The co-makers have appealed. Perhaps the appellate court will see things differently. Stay tuned.

Was this result inevitable? Absolutely not.

If the parties had so intended, the documents could have been drafted to specifically provide that the key money loan would not have to be repaid if the hotel management agreement was terminated as the result of a default by the operator, thereby entitling the owner to terminate for cause.

Suppose, instead of the two provisions above, the note provided (i) “. the outstanding principal balance of this Note shall be payable . if the [hotel management agreement] terminates for any reason other than a termination by the owner for cause resulting from a breach by operator”; and (ii) “. [the obligation] to pay this Note shall be absolute and unconditional, and all payments shall be made without setoff, deduction, offset, recoupment, or counterclaim, except as otherwise provided herein.” Perhaps by just including these 20 words in the hotel management agreement or the key money loan documents, the result of the case could have been dramatically different.

There really was no legal requirement for two separate documents.

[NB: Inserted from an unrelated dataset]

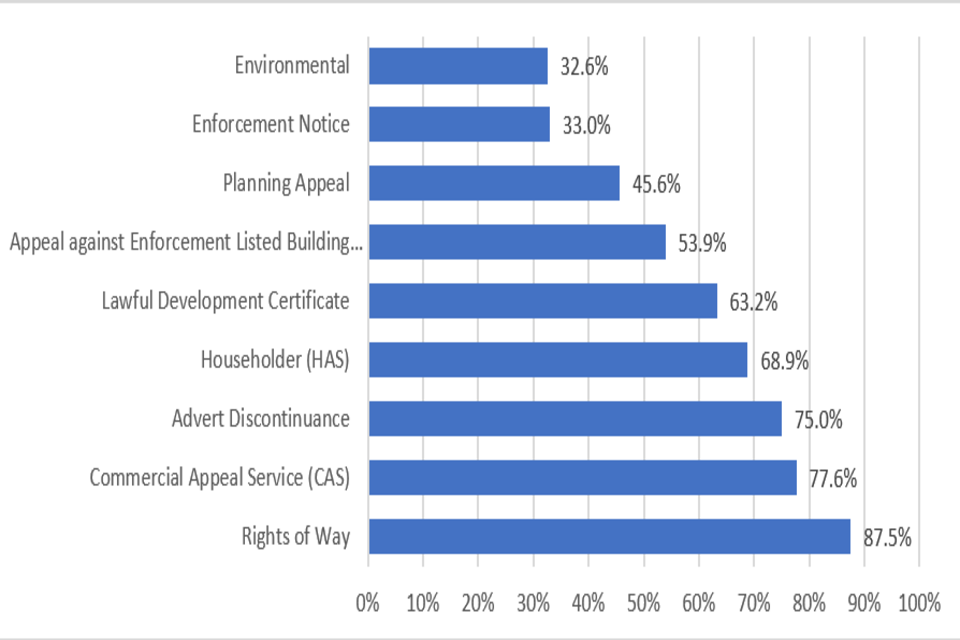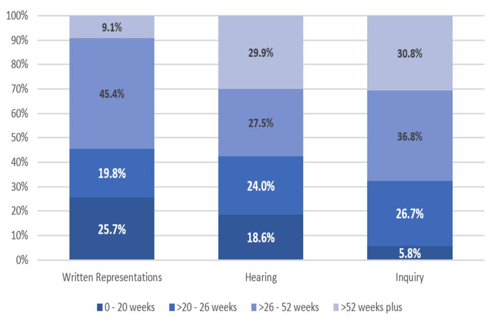 It also shows that a greater proportion of cases decided by written representations are decided within 20 weeks (26%) than those decided by hearings (19%) or inquiries (6%).
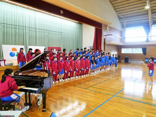 2018年10月23日 15時46分全校合唱の練習です。上級生がリードしながら1年生の「群青」を歌う姿もしっ

Brief language could have effectively tied them together, in which case the court could, and likely would have treated the two documents as one. Since the documents did not clearly state how they should be interpreted in relation to each other, the court applied the contract law of the jurisdiction selected by the parties in deciding the outcome of the case. One may ask whether the end result was really one that the operator intended, or whether it was simply the result of the court’s interpretation of the documents that were prepared in this specific instance. It’s a fair question and points to the real lesson that should be learned from this and similar cases.

The importance of clearly-drafted hospitality industry agreements cannot be overstated.

Whether preparing a letter of intent at the very beginning of a deal or finalizing the definitive transaction documents for a transaction that may be effective for half a century or more, everything that is important to either party should be clearly and completely spelled out in the hotel management agreement and any related documents. This is not to say that anticipating every single

potential eventuality is an easy or even necessary task. However, items of particular importance – and certainly those involving things like significant sums of money, material obligations of the parties and termination – must be spelled out in what non-lawyers may consider excruciating detail. It is one of those situations where the dispute you save may be your own.

The take away here can be expressed in two phrases: “Write what you mean” and “Mean what you write.”